Theorem. The permutation group of a decreasing monomial code in m variables contains \({\mathbb {L T A}_{m}}\).

Proof

Let \(\mathscr {C}(I)\) be a decreasing monomial code and let \(\pi \) be in \({\mathbb {L T A}_{m}}\). Consider \({\varvec{x}}\) in \(\mathbb {F}_2^m\). Let \({\varvec{x}}' \mathop {=}\limits ^{\text {def}}\pi ({\varvec{x}})\).

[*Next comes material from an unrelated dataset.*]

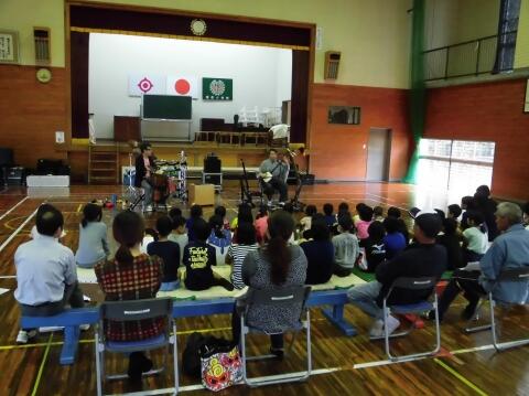 パーカッションと津軽三味線を演奏する「温故知新」というグループをお招きし、スクールコンサートを行いました。子どもたちは、演奏を聴くだけではなく、一緒に楽器を演奏することもでき、楽しそうでした。保護者や地域の方にも来ていただきました。

There exist binary numbers \(a_{ij}\) and \(\varepsilon _i\) such that for any i in \(\{0,\dots ,m-1\}\) we have

$$\begin{aligned} x'_i = x_i + \sum _{j<i} a_{ij} x_j + \varepsilon _i. \end{aligned}$$

An affine permutation \(\pi \) acts also in a natural way on monomials, with its action being defined by

$$\begin{aligned} \pi (x_{i_1}\dots x_{i_s}) \mathop {=}\limits ^{\text {def}}x'_{i_1}\dots x'_{i_s}. \end{aligned}$$

In other words the action of an affine permutation \(\pi \) on a monomial f is given by \(f \circ \pi \). Observe that this action is such that

$$\begin{aligned} \mathsf {ev}(f)^\pi = \mathsf {ev}(f \circ \pi ). \end{aligned}$$

Choose now a monomial f in I and use the observation above. We can expand \(f \circ \, \pi \) and verify that it is a sum of monomials that are smaller than f with respect to the order \(\preceq \) that we introduced. Since I is a decreasing set, then all these monomials belong to I as well and therefore we obviously have that \(\mathsf {ev}(f \circ \pi )\) is also in \(\mathscr {C}(I)\). \(\mathscr {C}(I)\) is therefore invariant by \(\pi \).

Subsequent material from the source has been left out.